### TASK INSTRUCTIONS
When writing out the listing below, reproduce every word exactly and skip the pictures.

### DATASET EXCERPT
╭──

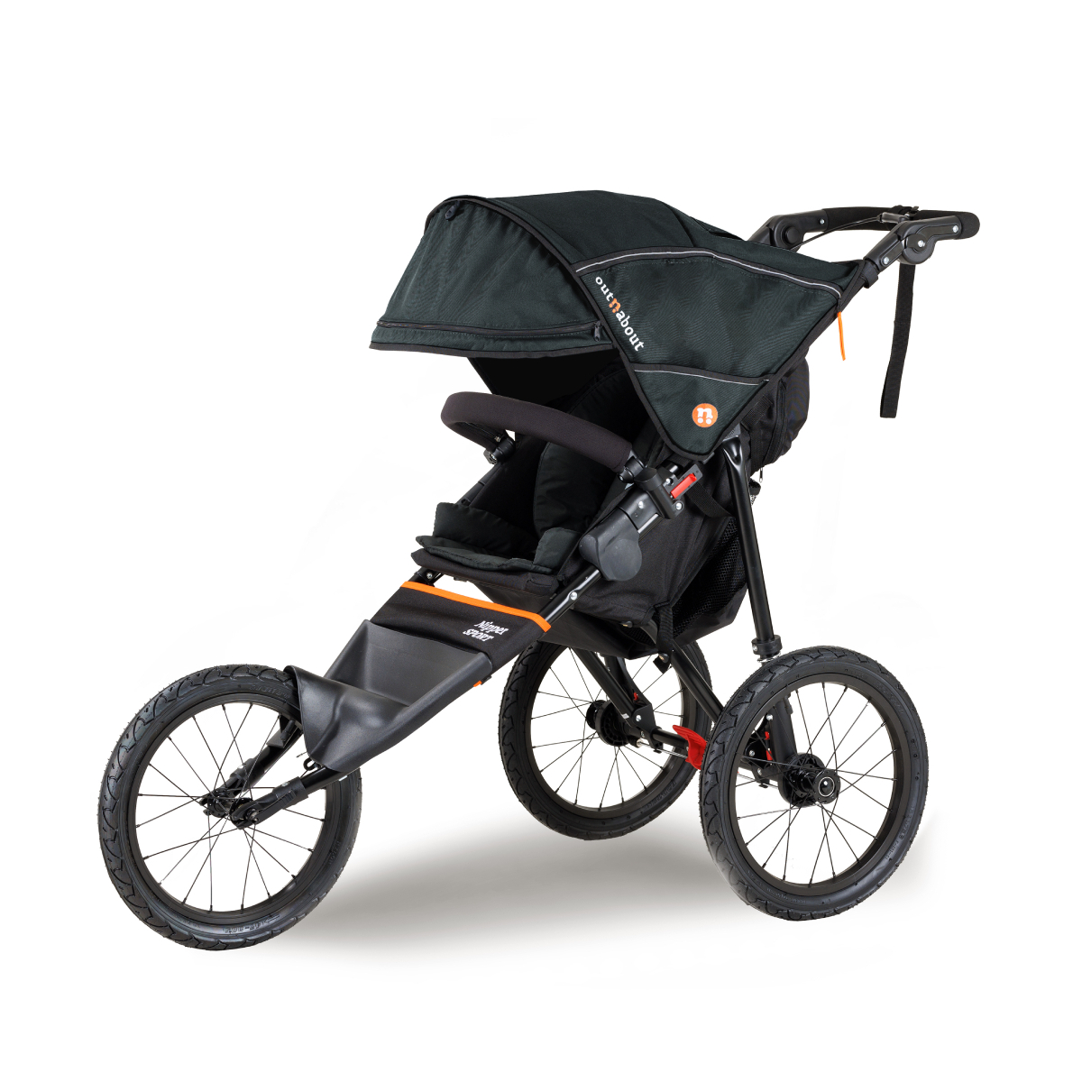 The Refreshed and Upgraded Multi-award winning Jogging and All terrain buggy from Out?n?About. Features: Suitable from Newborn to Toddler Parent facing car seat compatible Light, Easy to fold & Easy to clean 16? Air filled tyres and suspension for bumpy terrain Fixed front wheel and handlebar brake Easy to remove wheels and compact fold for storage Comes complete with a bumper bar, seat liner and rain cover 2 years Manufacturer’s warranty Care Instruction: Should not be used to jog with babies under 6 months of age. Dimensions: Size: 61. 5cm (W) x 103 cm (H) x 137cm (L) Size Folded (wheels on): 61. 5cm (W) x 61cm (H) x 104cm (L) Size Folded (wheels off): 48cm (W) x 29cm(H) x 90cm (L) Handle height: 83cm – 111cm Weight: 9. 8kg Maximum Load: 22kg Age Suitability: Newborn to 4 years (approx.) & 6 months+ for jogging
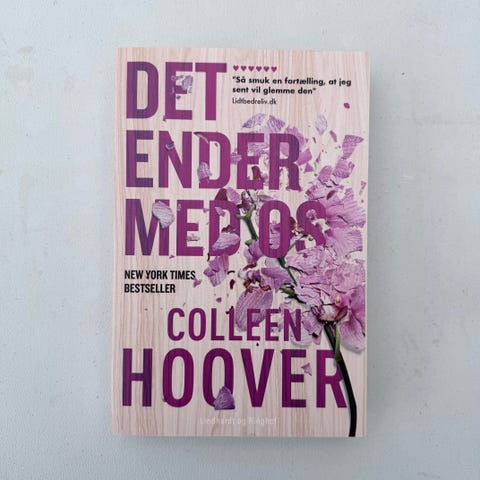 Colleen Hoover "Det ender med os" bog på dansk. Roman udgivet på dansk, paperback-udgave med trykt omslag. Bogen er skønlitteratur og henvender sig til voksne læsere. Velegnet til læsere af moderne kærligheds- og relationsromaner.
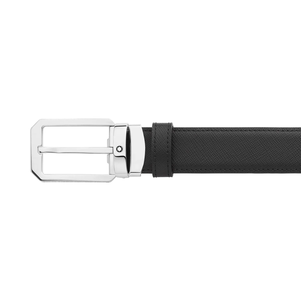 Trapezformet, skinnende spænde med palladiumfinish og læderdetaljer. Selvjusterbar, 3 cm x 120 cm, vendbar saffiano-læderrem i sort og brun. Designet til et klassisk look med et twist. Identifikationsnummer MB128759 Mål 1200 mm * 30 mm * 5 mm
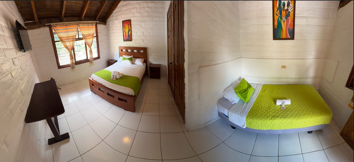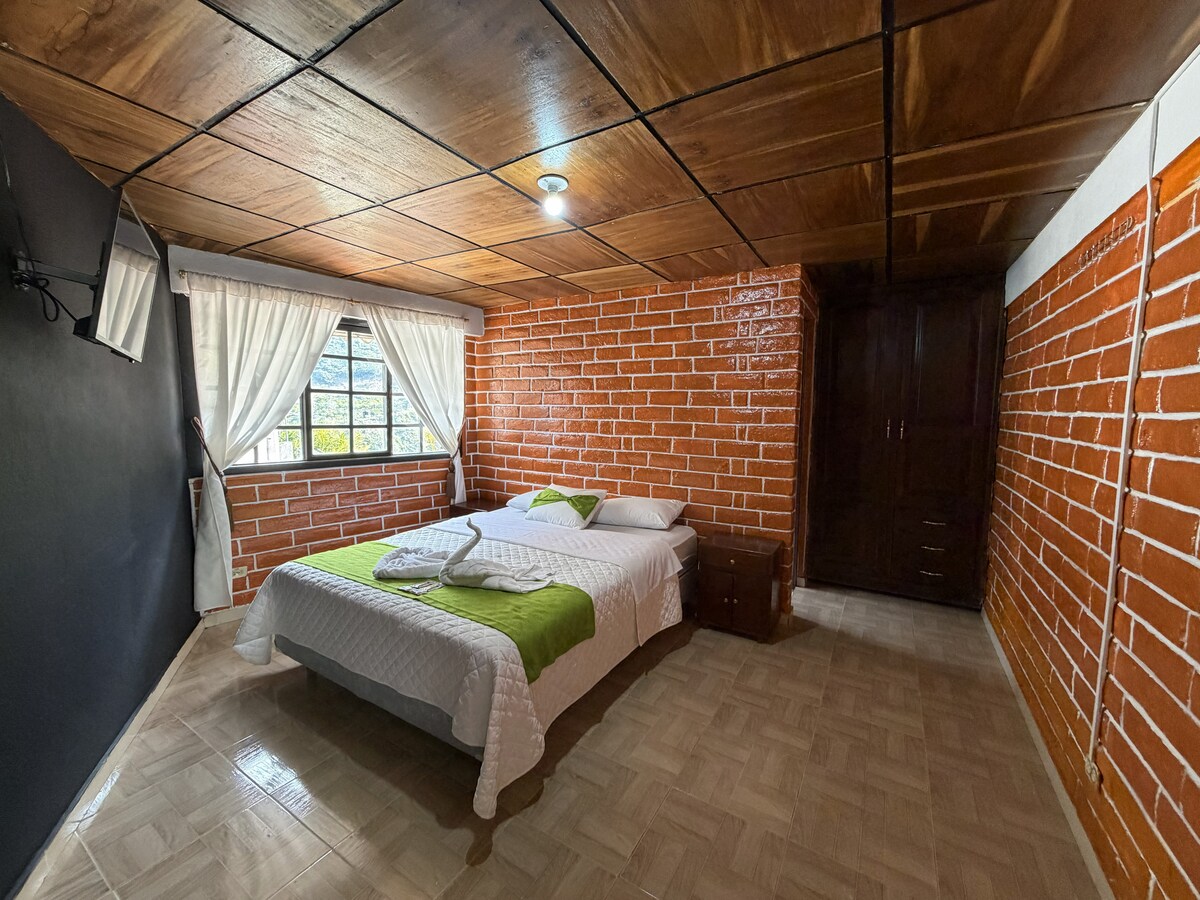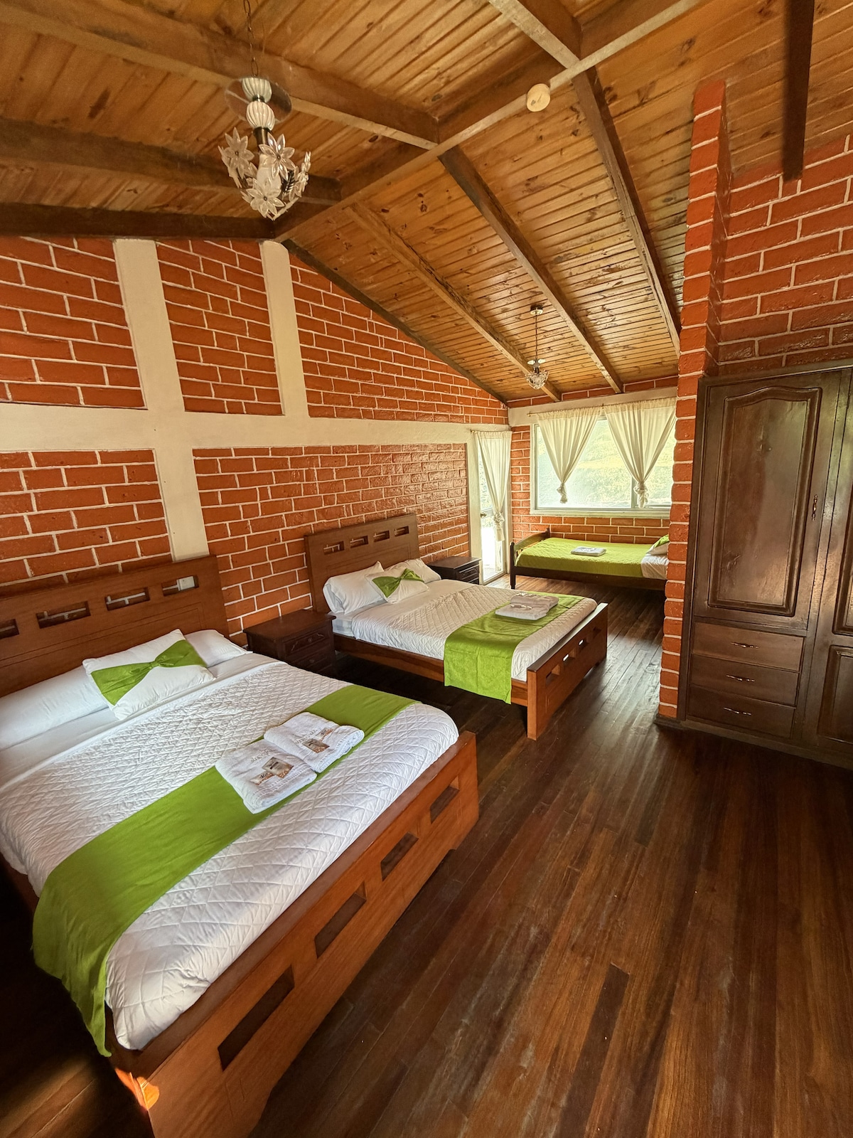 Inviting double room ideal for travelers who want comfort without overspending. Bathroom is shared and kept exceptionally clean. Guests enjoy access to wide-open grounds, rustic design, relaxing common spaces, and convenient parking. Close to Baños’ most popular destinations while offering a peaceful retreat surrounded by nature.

╰──

### ANSWER TO THE EXERCISE
 The Refreshed and Upgraded Multi-award winning Jogging and All terrain buggy from Out?n?About. Features: Suitable from Newborn to Toddler Parent facing car seat compatible Light, Easy to fold & Easy to clean 16? Air filled tyres and suspension for bumpy terrain Fixed front wheel and handlebar brake Easy to remove wheels and compact fold for storage Comes complete with a bumper bar, seat liner and rain cover 2 years Manufacturer’s warranty Care Instruction: Should not be used to jog with babies under 6 months of age. Dimensions: Size: 61. 5cm (W) x 103 cm (H) x 137cm (L) Size Folded (wheels on): 61. 5cm (W) x 61cm (H) x 104cm (L) Size Folded (wheels off): 48cm (W) x 29cm(H) x 90cm (L) Handle height: 83cm – 111cm Weight: 9. 8kg Maximum Load: 22kg Age Suitability: Newborn to 4 years (approx.) & 6 months+ for jogging
 Colleen Hoover "Det ender med os" bog på dansk. Roman udgivet på dansk, paperback-udgave med trykt omslag. Bogen er skønlitteratur og henvender sig til voksne læsere. Velegnet til læsere af moderne kærligheds- og relationsromaner.
 Trapezformet, skinnende spænde med palladiumfinish og læderdetaljer. Selvjusterbar, 3 cm x 120 cm, vendbar saffiano-læderrem i sort og brun. Designet til et klassisk look med et twist. Identifikationsnummer MB128759 Mål 1200 mm * 30 mm * 5 mm
 Inviting double room ideal for travelers who want comfort without overspending. Bathroom is shared and kept exceptionally clean. Guests enjoy access to wide-open grounds, rustic design, relaxing common spaces, and convenient parking. Close to Baños’ most popular destinations while offering a peaceful retreat surrounded by nature.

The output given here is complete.